While one turn may be sufficient for demonstration, to properly assess wind direction, velocity, bank required, and other factors related to turns in wind, the pilot should complete two or more turns. The pilot should make bank angle (and the resulting rate of turn) adjustments by applying coordinated aileron and rudder pressure throughout the turn.

The pilot should ensure that the reference point is visible at all times throughout the maneuver, even with the wing lowered in a bank. In a high-wing airplane, the pilot may need to change the maneuvering altitude or the desired turn radius.

When applying wind correction angles for any maneuver, the airplane's heading should be ahead of its position over the ground during the downwind half of the turn behind its position during the upwind half. This can be thought of as "overshoot into a headwind, undershoot with a tailwind."

The pilot should enter the maneuver downwind, where the groundspeed is at its fastest, at the appropriate radius of turn and distance from the selected ground-based reference point.

Upon entering the maneuver, it may be necessary to roll into the initial bank at a rapid rate so that the steepest bank is set quickly to prevent the airplane from drifting outside of the desired turn radius. The pilot should progressively adjust the airplane's heading toward the inside of the turn. Thereafter, the pilot should gradually decrease the angle of bank until the airplane is headed directly upwind.

During the upwind half of the turn, the pilot should progressively adjust the airplane's heading toward the outside of the turn.

The following are the most common errors in the performance of turns around a point:

Turns around a point.


S-Turns

S-turns (kneeboard) is a ground reference maneuver in which the airplane's ground track resembles two opposite but equal half-circles on each side of a selected ground-based straight-line reference. The maneuver requires arriving at specific points on required headings.

With the airplane in the downwind position, the maneuver consists of crossing a straight-line ground reference at a 90° angle and immediately beginning a 180° constant-radius turn. Bank angle and roll rate are adjusted for drift effects and changes in groundspeed. The straight line is re-crossed in the opposite direction just as the first 180° constant radius turn is completed.

The first 180° constant-radius turn is immediately followed by a second 180° turn in the opposite direction. Because the airplane is now upwind, the roll into this second turn should be smooth and gentle. The initial bank angle should be shallow.

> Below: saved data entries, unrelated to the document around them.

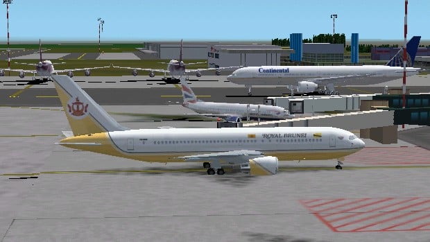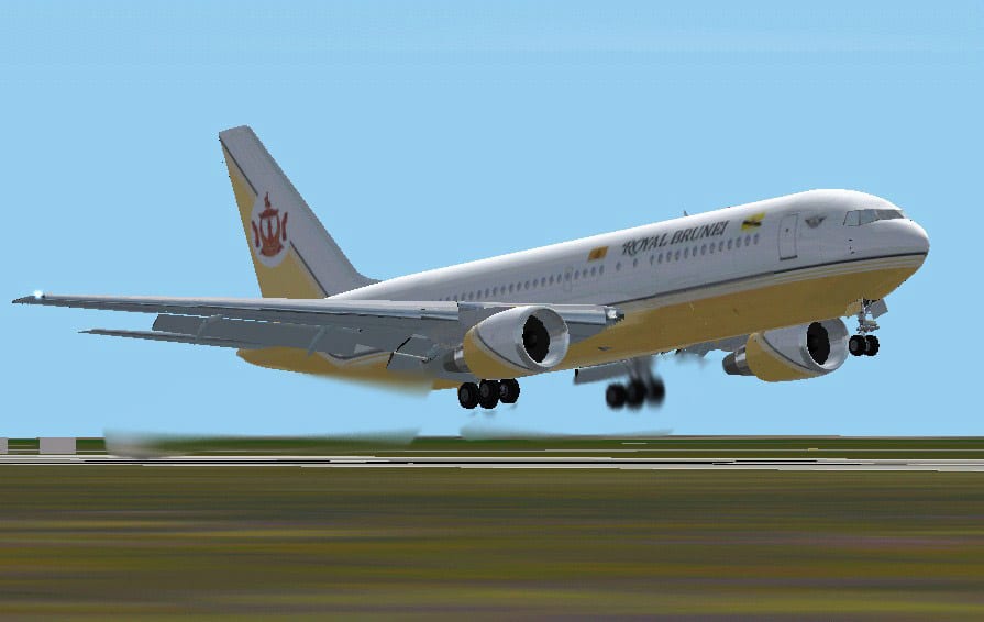 FS2002 Boeing 767-27G/ER Sultan’s Flight – Royal Brunei This is a repaint of the Project OpenSky Boeing 767-200ER, in Royal Brunei Airlines paint scheme. The plane is operated by the Sultan’s Flight and is painted in Royal Brunei Airlines livery, aircraft regristration V8-MHB, engine type GE CF6-80C2B4F. Painted by A. I. Hj. Jumat. 1.6MB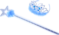 Exkluzívna sada pre zimné princezny! Táto štýlová súprava striebornej farby obsahuje oslnivú korunku s modrými kamienkami a žezlo. Všetko je dekorované ozdobným perím modrej farby. Odchytenie svoj kostým zimné princeznej o tieto nádherné doplnky!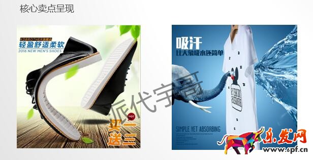 這個思路一定要去分析我們產品本身的賣點,注意不要想把我們產品賣給所有的人,千萬別犯這樣一個誤區,你的產品要鎖定最精準的人群,這樣產品本身的點擊率和轉化率都會比較高。當你想把自己產品賣給所有的人的時候,往往結果是沒有任何一個人來買你的產品。我們看第一個鞋子案例,這個鞋子車圖把軟底的這個賣店呈現的非常的完美,那如果我現在是一個想買一個軟底鞋子的買家,我就肯定回去點擊這個圖片,而且也非常容易下單購買。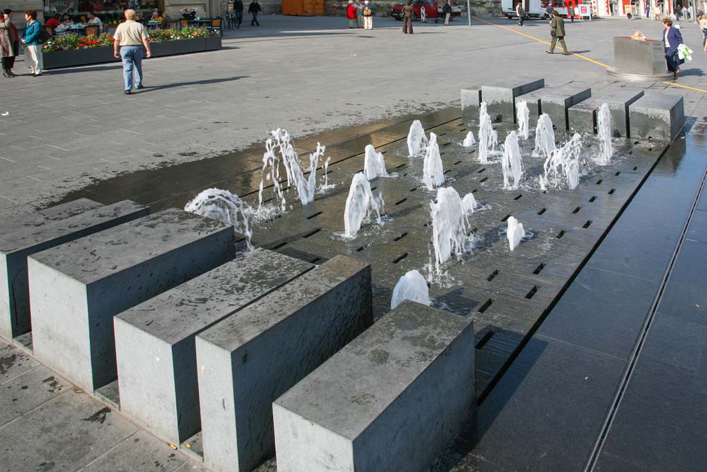Zum Brunnen: Die Brunnenanlage wurde 2004/2005 als Wasserspielbrunnen neu konzipiert.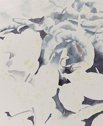 Filling in the red-checked tablecloth immediately tells us that the peppers are lying in a jumble on a flat surface. The shadows cast on the cloth by the peppers in the upper left now make sense in the painting.

As the airplane turns downwind, groundspeed increases and the bank angle should increase.

If the straight-line ground reference is of sufficient length, the pilot may complete as many S-turns as can be safely accomplished.

It is standard practice to enter ground-based maneuvers downwind where groundspeed is greatest. The roll into the S-turn must be rapid, but not aggressive, and the angle of bank must be steepest when initiating the turn.

As the turn progresses, the bank angle and the rate of rollout must be decreased as the groundspeed decreases to ensure that the turn's radius is constant.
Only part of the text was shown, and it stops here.